**Task prompt**. Going from the line that contains "Slightly close-fitting jumper." to the last line of the material below, repeat every line exactly.

----

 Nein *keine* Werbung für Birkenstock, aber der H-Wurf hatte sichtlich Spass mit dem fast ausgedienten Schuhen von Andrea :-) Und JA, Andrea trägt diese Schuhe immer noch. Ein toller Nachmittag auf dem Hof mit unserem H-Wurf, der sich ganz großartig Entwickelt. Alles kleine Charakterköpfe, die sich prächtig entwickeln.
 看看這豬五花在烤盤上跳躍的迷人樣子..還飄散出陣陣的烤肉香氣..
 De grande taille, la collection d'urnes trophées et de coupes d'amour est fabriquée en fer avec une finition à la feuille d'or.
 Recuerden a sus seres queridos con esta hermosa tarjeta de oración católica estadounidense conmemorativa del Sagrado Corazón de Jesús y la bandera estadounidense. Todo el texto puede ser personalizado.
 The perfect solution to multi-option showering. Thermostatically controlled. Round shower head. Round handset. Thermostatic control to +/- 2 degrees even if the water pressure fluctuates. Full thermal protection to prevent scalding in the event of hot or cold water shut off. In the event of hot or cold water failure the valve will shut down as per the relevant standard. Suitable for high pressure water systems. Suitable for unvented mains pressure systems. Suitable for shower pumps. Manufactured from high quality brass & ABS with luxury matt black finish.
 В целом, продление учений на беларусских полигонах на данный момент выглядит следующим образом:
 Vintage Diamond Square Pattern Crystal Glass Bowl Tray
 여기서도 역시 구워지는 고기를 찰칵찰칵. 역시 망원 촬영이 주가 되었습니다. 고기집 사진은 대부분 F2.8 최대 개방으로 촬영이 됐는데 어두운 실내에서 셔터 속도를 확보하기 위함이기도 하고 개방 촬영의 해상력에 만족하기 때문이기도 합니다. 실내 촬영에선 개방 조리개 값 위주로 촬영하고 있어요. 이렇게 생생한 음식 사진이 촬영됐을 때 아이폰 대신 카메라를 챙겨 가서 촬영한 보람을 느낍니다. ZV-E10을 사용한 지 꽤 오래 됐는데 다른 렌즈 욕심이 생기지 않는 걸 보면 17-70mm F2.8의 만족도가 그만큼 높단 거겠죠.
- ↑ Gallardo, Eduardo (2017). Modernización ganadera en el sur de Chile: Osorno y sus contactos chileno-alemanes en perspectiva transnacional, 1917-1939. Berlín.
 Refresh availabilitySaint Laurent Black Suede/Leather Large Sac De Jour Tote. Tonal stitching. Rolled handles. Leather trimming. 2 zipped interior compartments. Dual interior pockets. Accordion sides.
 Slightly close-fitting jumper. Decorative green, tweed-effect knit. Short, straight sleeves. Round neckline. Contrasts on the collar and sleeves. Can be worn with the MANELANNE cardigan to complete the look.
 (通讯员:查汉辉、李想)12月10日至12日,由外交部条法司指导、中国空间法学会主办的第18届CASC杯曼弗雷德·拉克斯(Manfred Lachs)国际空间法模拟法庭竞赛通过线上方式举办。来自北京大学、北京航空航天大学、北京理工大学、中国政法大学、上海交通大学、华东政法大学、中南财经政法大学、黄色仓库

----

**Answer space**.
 Slightly close-fitting jumper. Decorative green, tweed-effect knit. Short, straight sleeves. Round neckline. Contrasts on the collar and sleeves. Can be worn with the MANELANNE cardigan to complete the look.
 (通讯员:查汉辉、李想)12月10日至12日,由外交部条法司指导、中国空间法学会主办的第18届CASC杯曼弗雷德·拉克斯(Manfred Lachs)国际空间法模拟法庭竞赛通过线上方式举办。来自北京大学、北京航空航天大学、北京理工大学、中国政法大学、上海交通大学、华东政法大学、中南财经政法大学、黄色仓库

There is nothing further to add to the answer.